Research Synthesized from 1 source

RL After Flawed SFT Locks In Model Defects

Key Points

  • RL amplifies SFT defects rather than correcting them
  • SFT embeds flawed patterns that RL reinforces
  • Agentic systems propagate compounding hallucinations
  • Audit SFT damage before applying reinforcement learning
  • Commercial pressure pushes teams to skip critical diagnostics
References (1)
  1. [1] Warning: rushing RL after SFT may train broken multimodal LLMs — 量子位 QbitAI

The most dangerous assumption in AI development right now is that reinforcement learning fixes what supervised fine-tuning broke. A technical analysis from 量子位 QbitAI reveals a troubling pattern: teams deploying AI agents are building on foundations riddled with hidden defects, and the standard playbook for "improving" models may be actively making things worse.

The core finding inverts conventional wisdom. Practitioners have treated SFT and RL as sequential improvements—train the base model, fine-tune it, then reinforce it. But this framing misses a critical interaction. When SFT embeds flawed patterns in a multimodal model, subsequent RL training doesn't correct those errors. It optimizes for them. The model becomes more efficient at reproducing exactly what it learned during fine-tuning, including the hallucination-prone behaviors teams thought they were eliminating.

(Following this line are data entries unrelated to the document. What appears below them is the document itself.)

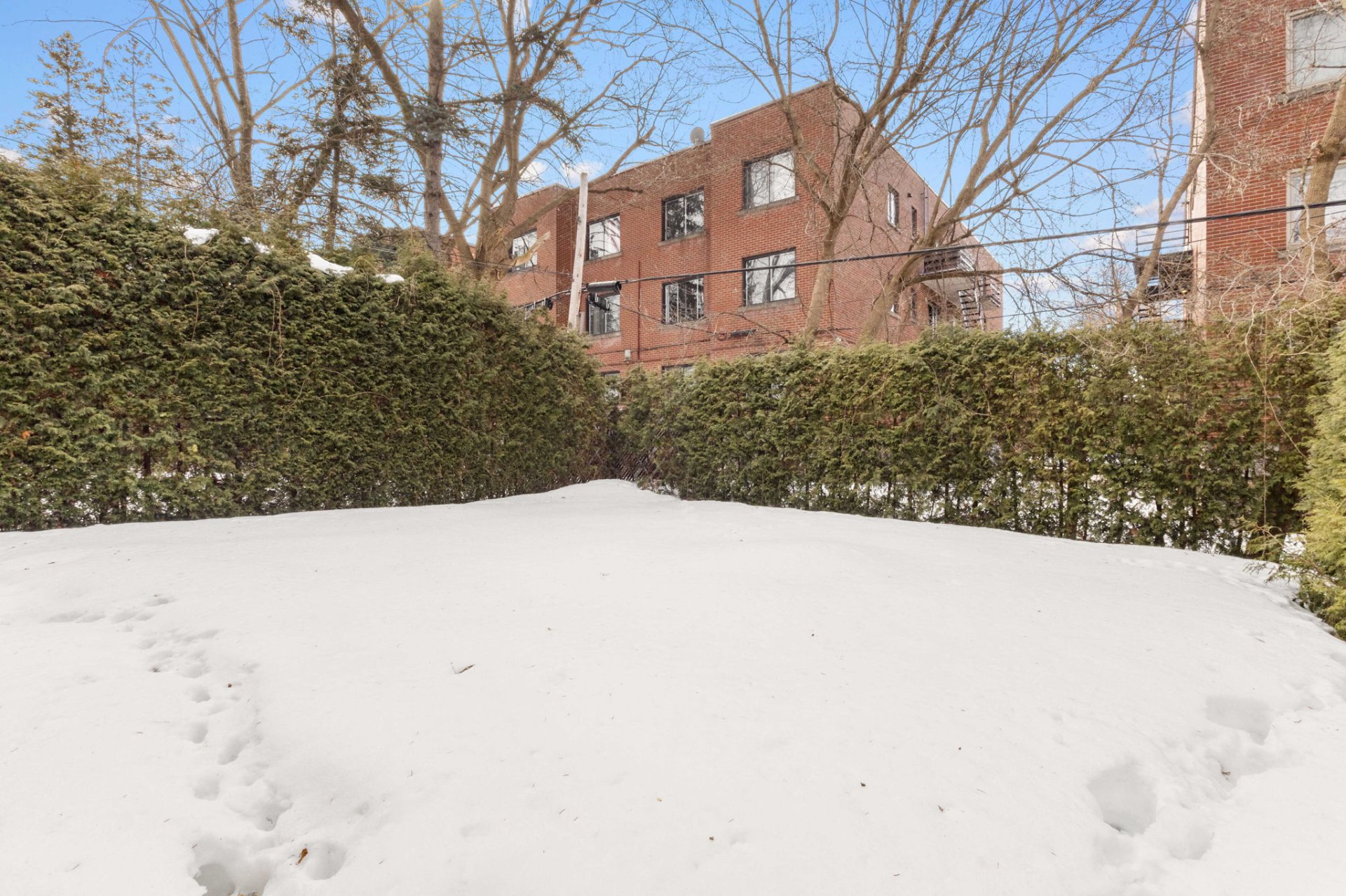 - Grande cour arrière, bordée de cèdres sur tous les côtés pour plus d’intimité.
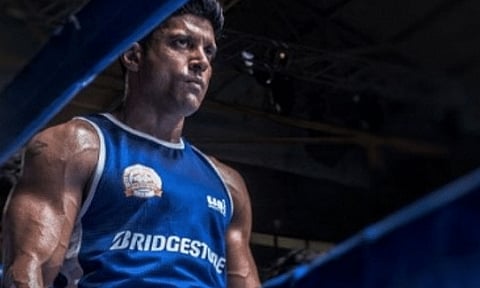 The first still from Farhan AKhtar's upcoming film "Toofan" is out and he is looking no less than a professional boxer. In the image, Farhan is seen standing at a boxing ring, donning a blue jersey and flaunting his ripped muscles.
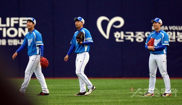 9일 서울 고척스카이돔에서 ‘2018 희망더하기 자선야구대회’가 열렸다. 6회말 2사 1, 2루에서 양신팀 류지혁 타석 때 종범신팀 외야수 박상원, 구승민, 김성욱이 수비 시프트를 펼치고 있다.

The mechanism unfolds in stages. SFT exposes the model to curated demonstration data, teaching it to emulate patterns in that dataset. If those demonstrations contain hidden biases, gaps, or outright errors, the model absorbs them. RL then applies reward signals that reinforce the model's current behavior. Since the model has already internalized the flawed patterns, it performs those patterns more confidently. There's no "unlearning" phase—only amplification of what came before.

This matters enormously for agentic systems. Modern AI deployments string multiple model capabilities together: vision inputs triggering text generation, tool use decisions depending on retrieval results, multi-step reasoning chains where each link compounds the previous. When a model at the foundation of such chains has SFT-induced defects, RL doesn't isolate those defects. It propagates them through every downstream decision. A model that hallucinates occasionally in testing becomes a system that hallucinates systematically in production.

The 量子位 analysis offers practical guidance: teams should audit and remediate SFT-induced "injuries" before applying RL. Identify what the fine-tuning phase actually taught the model, not just what it was supposed to teach. Test for failure modes that stem from the fine-tuning data, not just the base model. Only then should teams proceed to reinforcement learning—and even then, with clear visibility into what behaviors RL is actually reinforcing.

The industry trend runs opposite to this advice. Commercial pressure pushes teams to ship agentic products quickly, treating RL as a box-checking exercise rather than a carefully sequenced remediation. The gap between "works in demo" and "works reliably in production" widens precisely because teams skip the diagnostic work. SFT defects compound silently until they surface in ways that are difficult to reverse.

The stakes extend beyond individual model failures. As agentic systems take on consequential tasks—medical advice, legal analysis, autonomous navigation—the cost of amplified hallucinations grows. A model that confidently generates plausible-but-wrong information, reinforced by RL to generate that content more reliably, becomes a liability that scales with deployment breadth.

This research is a warning, not a prohibition. RL remains a powerful tool. But teams treating it as a universal fix for fine-tuning problems are operating on flawed premises. The question isn't whether to use RL after SFT—it's whether the foundation it will reinforce is sound enough to justify the investment.